**PROBLEM DESCRIPTION:** Nothing but the lines from the one containing "University of Wisconsin-Eau" through the end of the data should be retyped, exactly as they stand, and pictures should not be retyped.

● ● ● ● ● ● ●

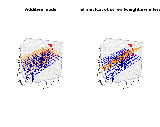 Figuur 63: Fit van het additieve model met de termen lcavol, lweight, svi (links) en het model met interacties lcavol, lweight, svi . lcavol:svi, lweight:svi (rechts). De rechtse figuur toont duidelijk dat de interactie er nu voor zorgt dat de associaties tussen de response <-> het log-tumorvolume en de response <-> het log-gewicht afhankelijk is van de status van de zaadblaasjes. De interacties zorgen voor andere hellingen bij patiënten met (rood) en zonder invasie (blauw) van de zaadblaasjes. Voor het additieve model (links) zien we enkel een verschuiving van het regressievlak, maar parallelle hellingen. Het hoofdeffect voor een factor variabele zorgt m.a.w. voor een ander intercept.
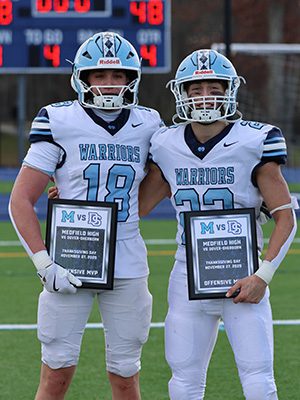 On Thanksgiving, the Warriors (9-1) put an exclamation point on their season with a 48-8 trouncing of the Dover-Sherborn Raiders (3-7). Medfield has won 32 of 60 contests dating back to 1966, including the last three.
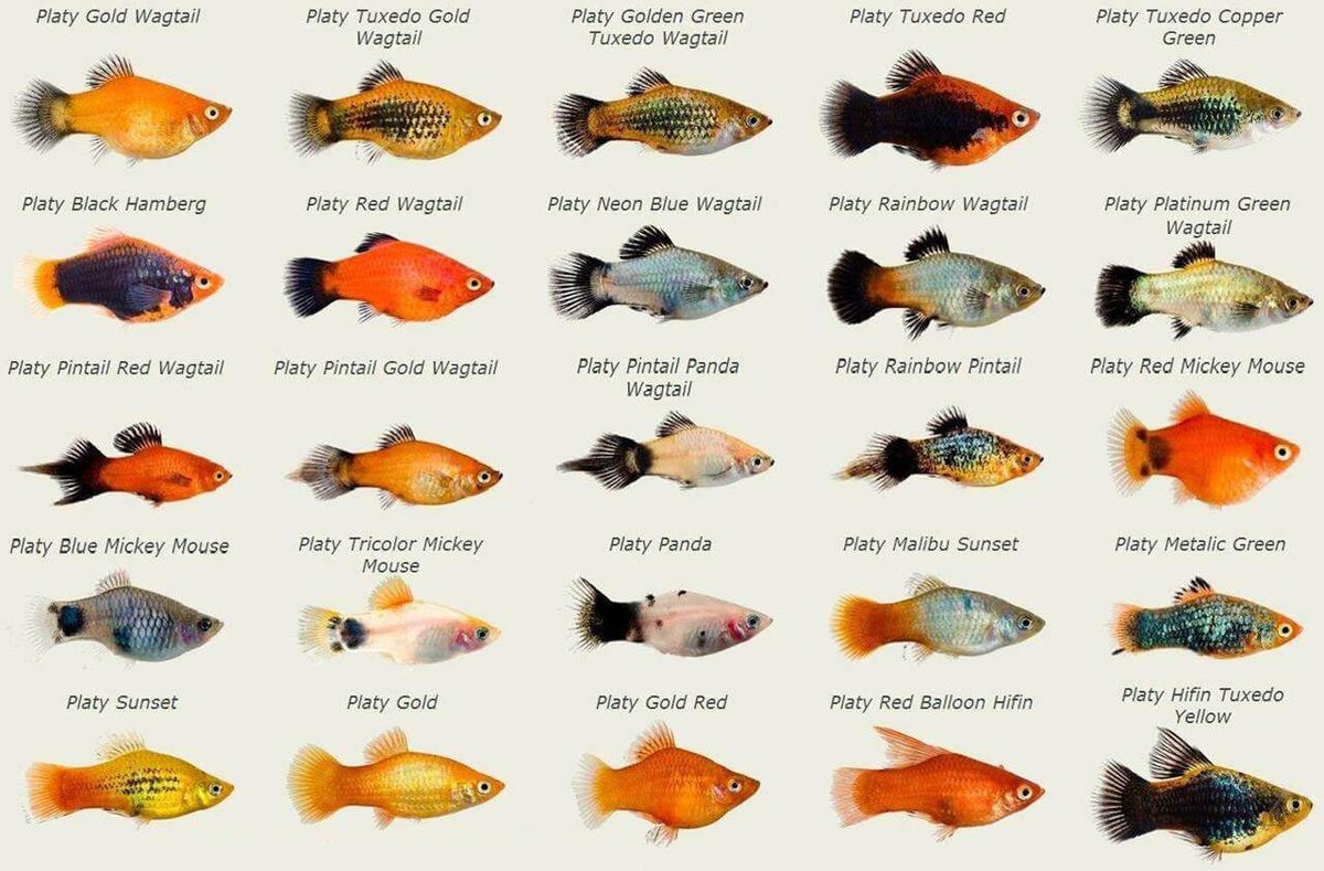 Все многообразие окрасов и форм современных пецилий – результат длительной селекции. Возможность скрещивания с меченосцами также позволило создать большое количество гибридов.
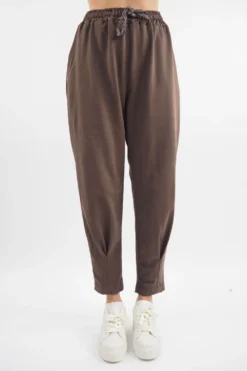 Introducing the epitome of effortless chic, to your wardrobe: our latest piece from Made in Italy clothing, the Made in Italy Apres Skinny Dart Jogger in Truffle brown tone, a lightweight cotton stretch skinny jogger that redefines comfort and style. Crafted with meticulous attention to detail, this jogger boasts a skinny fit that brings a touch of sophistication. The cleverly designed dart detail adds a unique dimension to the silhouette, elevating it from the ordinary to the extraordinary. Whether you’re lounging at home, running errands, or meeting up with friends, our Apres Skinny Dart Jogger effortlessly transitions from casual to chic, making them a must-have addition to your wardrobe.
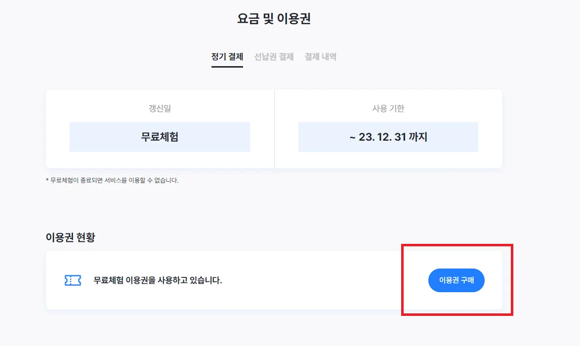 PC : 오른쪽 상단 이용권 정보 > 정기결제 를 통해 이용권 신청 화면으로 이동해주세요.
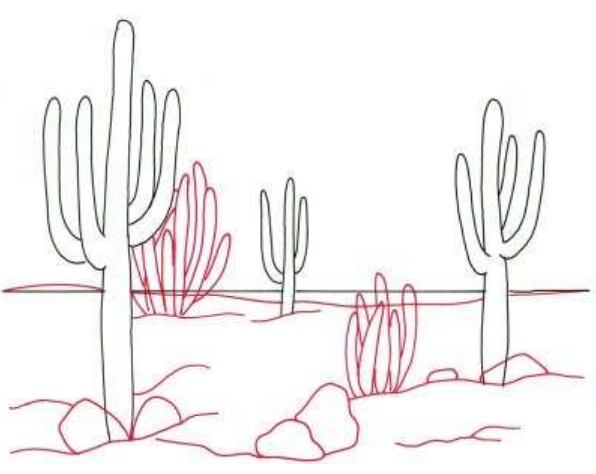 Etapa 2: esboce formas ovais e figuras irregulares similares para fazer as pedras e os rochedos. Use linhas onduladas para indicar os montes de areia. Desenhe mais dois cactos usando várias figuras ovais curvas e longas. Mude a linha reta do horizonte para outra levemente ondulada.
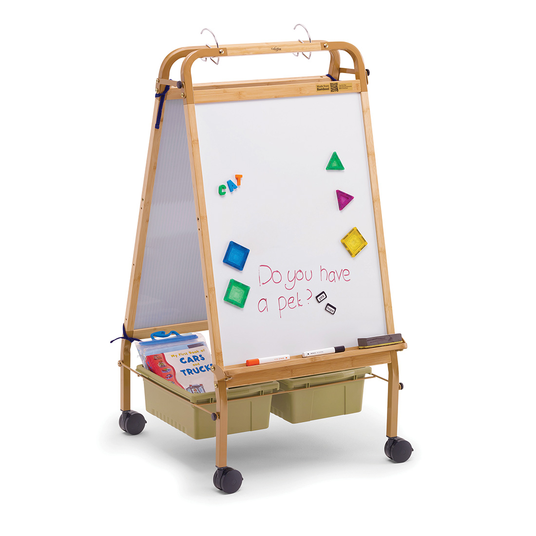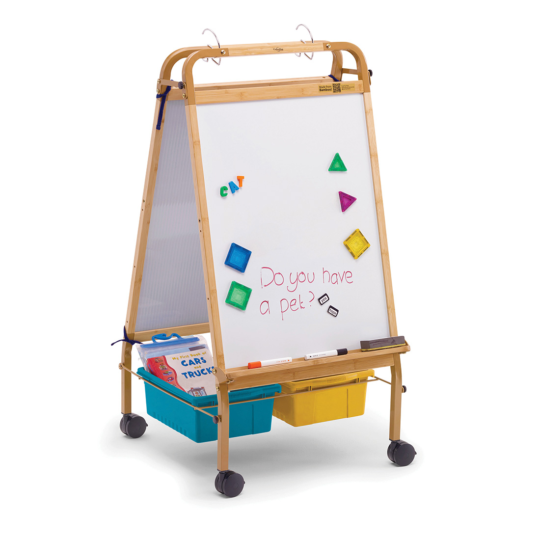 Our popular Primary Teaching Easel is now available in bamboo! The Bamboo Primary Teaching Easel is a valuable tool for early childhood and primary teachers to orchestrate and store lessons. With room for two little learners,  independent and group lessons are a breeze. This easel has an extra long front dry-erase board that measures 40” H x 28” W to accommodate little learners and includes a rear felt board.
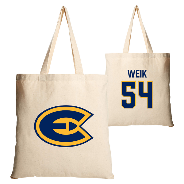 University of Wisconsin-Eau Claire Baseball Tan Canvas Tote Bag - #54 Connor Weik
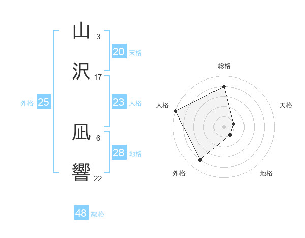山沢 凪響さんの外格は25画の4点!
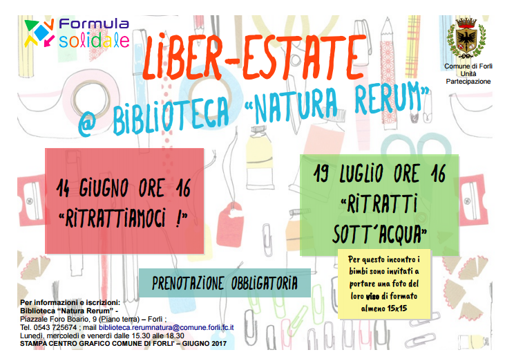 Sede: Biblioteca “Natura Rerum” Piazzale Foro Boario, 9 (Piano terra) Info e iscrizioni: Tel. 0543 725674 ; mail biblioteca.rerumnatura@comune.

● ● ● ● ● ● ●

**RESPONSE TO THIS TASK:**
 University of Wisconsin-Eau Claire Baseball Tan Canvas Tote Bag - #54 Connor Weik
山沢 凪響さんの外格は25画の4点!
 Sede: Biblioteca “Natura Rerum” Piazzale Foro Boario, 9 (Piano terra) Info e iscrizioni: Tel. 0543 725674 ; mail biblioteca.rerumnatura@comune.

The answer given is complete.